You want to reduce allocations. Ranges often let you do that. However, 
it's sometimes unsafe to reuse range values that aren't immutable. That 
means, if you want to keep the values around, you need to copy them -- 
which introduces an allocation.

You can get fewer large allocations by reading the whole file at once 
manually and using slices into that large allocation.

Jan 26 2016

Gerald Jansen <gjansen ownmail.net> writes:

On Tuesday, 26 January 2016 at 20:54:34 UTC, Chris Wright wrote:
 On Tue, 26 Jan 2016 18:16:28 +0000, Gerald Jansen wrote:
 On Thursday, 21 January 2016 at 21:24:49 UTC, H. S. Teoh wrote:
 While this is no fancy range-based code, and one might say 
 it's more hackish and C-like than idiomatic D, the problem is 
 that current D compilers can't quite optimize range-based 
 code to this extent yet. Perhaps in the future optimizers 
 will improve so that more idiomiatic, range-based code will 
 have comparable performance with fastcsv.

 
 ... data crunching ... I'm wondering how general your 
 statement above might be at this time w.r.t. this and possibly 
 other domains.

 You can get fewer large allocations by reading the whole file 
 at once manually and using slices into that large allocation.

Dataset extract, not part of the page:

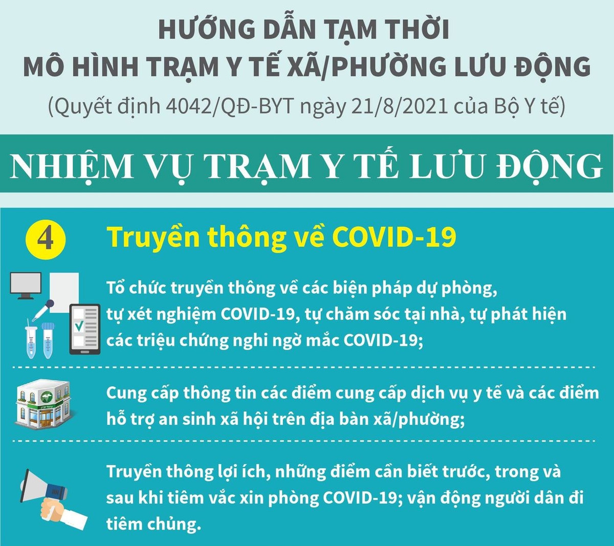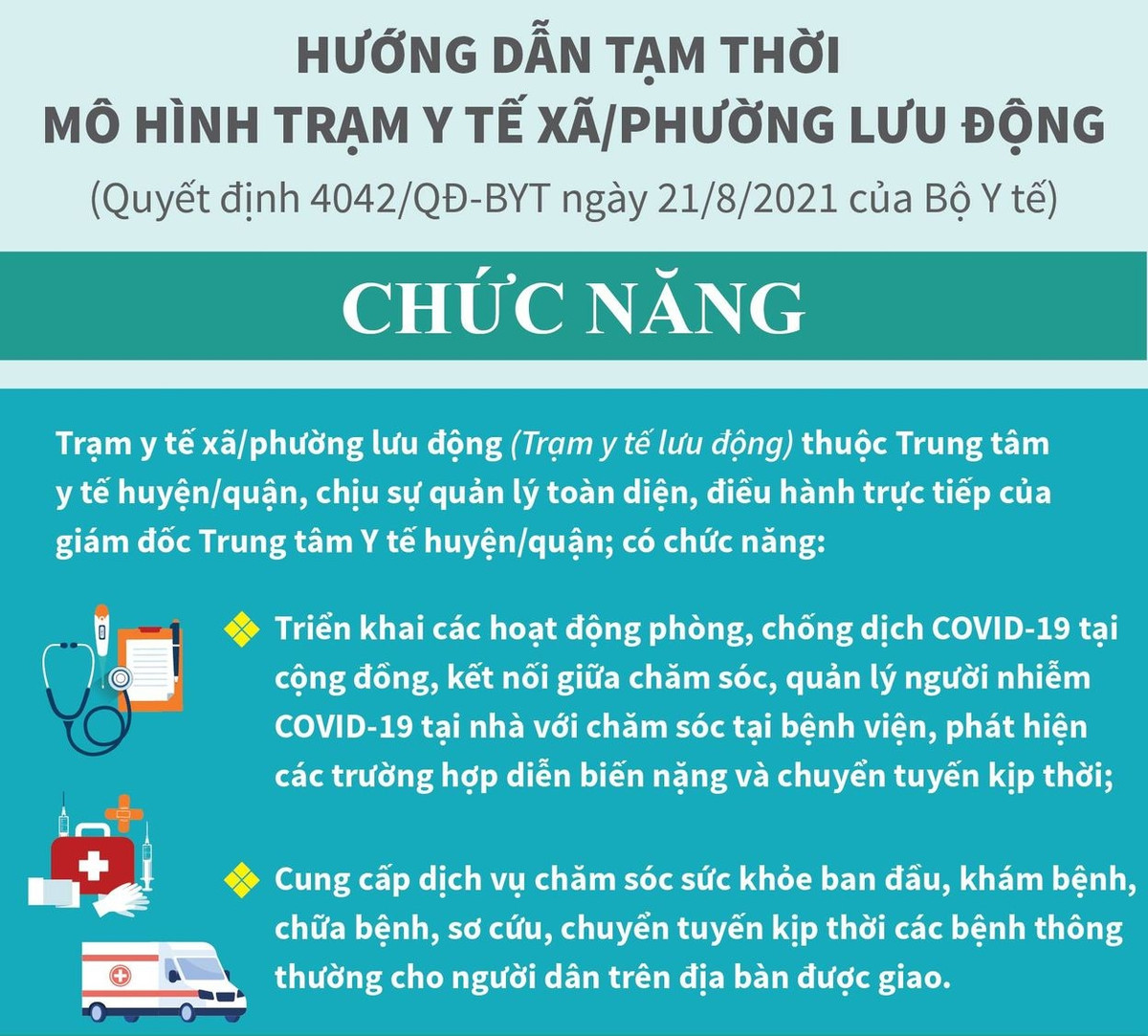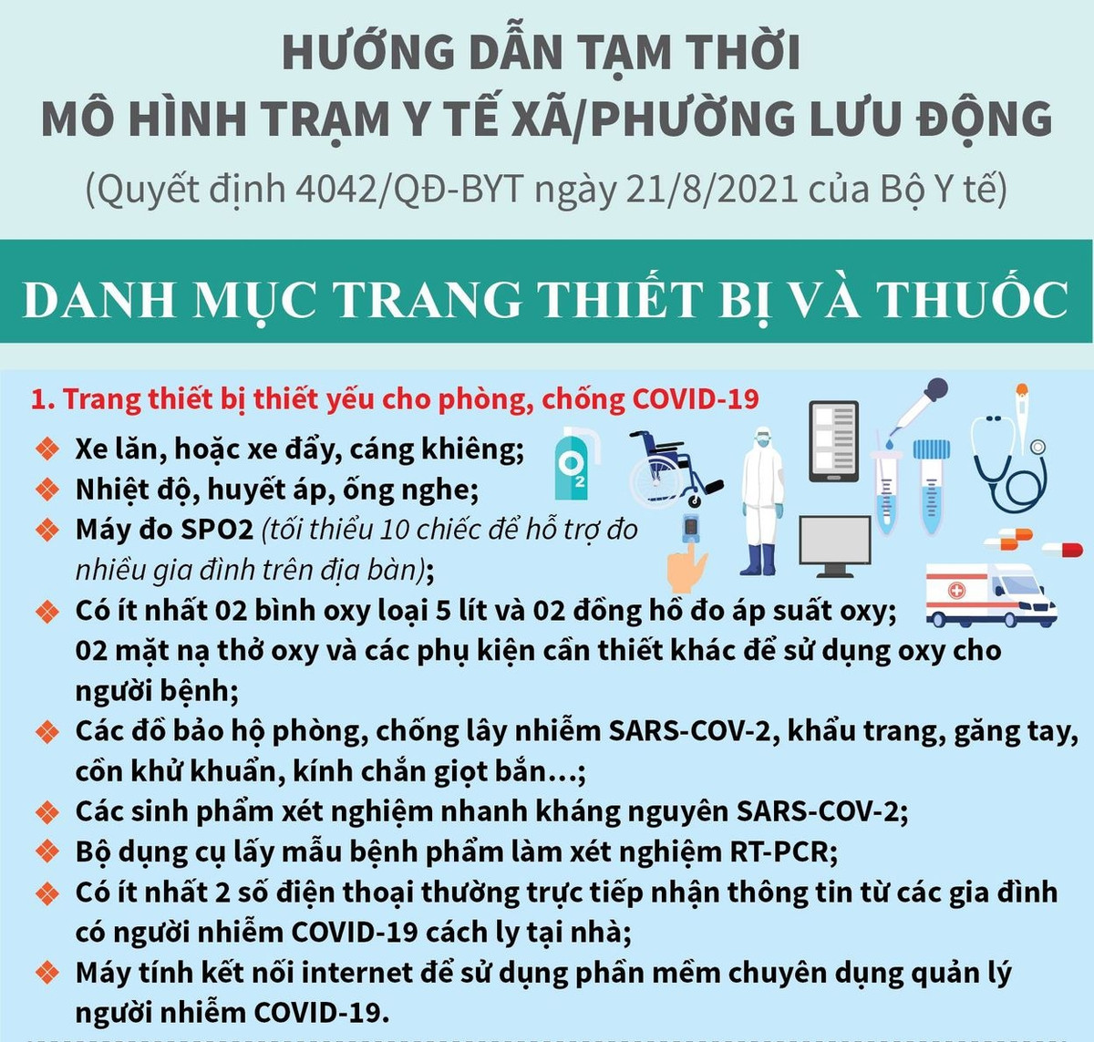 (Kiến Thức) - Ngày 21/8/2021, Bộ Y tế ban hành Quyết định 4042/QĐ-BYT về Hướng dẫn tạm thời mô hình Trạm y tế xã, phường lưu động trong bối cảnh dịch COVID-19.

Sure, that part is clear. Presumably the quoted comment referred 
to more than just that technique.

Jan 26 2016

"H. S. Teoh via Digitalmars-d-learn" <digitalmars-d-learn puremagic.com> writes:

On Tue, Jan 26, 2016 at 08:54:34PM +0000, Chris Wright via Digitalmars-d-learn
wrote:
 On Tue, 26 Jan 2016 18:16:28 +0000, Gerald Jansen wrote:
 
 On Thursday, 21 January 2016 at 21:24:49 UTC, H. S. Teoh wrote:
 While this is no fancy range-based code, and one might say it's
 more hackish and C-like than idiomatic D, the problem is that
 current D compilers can't quite optimize range-based code to this
 extent yet.  Perhaps in the future optimizers will improve so that
 more idiomiatic, range-based code will have comparable performance
 with fastcsv. (At least in theory this should be possible.)

 
 As a D novice still struggling with the concept that composable
 range-based functions can be more efficient than good-old looping
 (ya, I know, cache friendliness and GC avoidance), I find it
 extremely interesting that someone as expert as yourself would reach
 for a C-like approach for serious data crunching. Given that data
 crunching is the kind of thing I need to do a lot, I'm wondering how
 general your statement above might be at this time w.r.t. this and
 possibly other domains.

 
 You want to reduce allocations. Ranges often let you do that. However,
 it's sometimes unsafe to reuse range values that aren't immutable.
 That means, if you want to keep the values around, you need to copy
 them -- which introduces an allocation.
 
 You can get fewer large allocations by reading the whole file at once
 manually and using slices into that large allocation.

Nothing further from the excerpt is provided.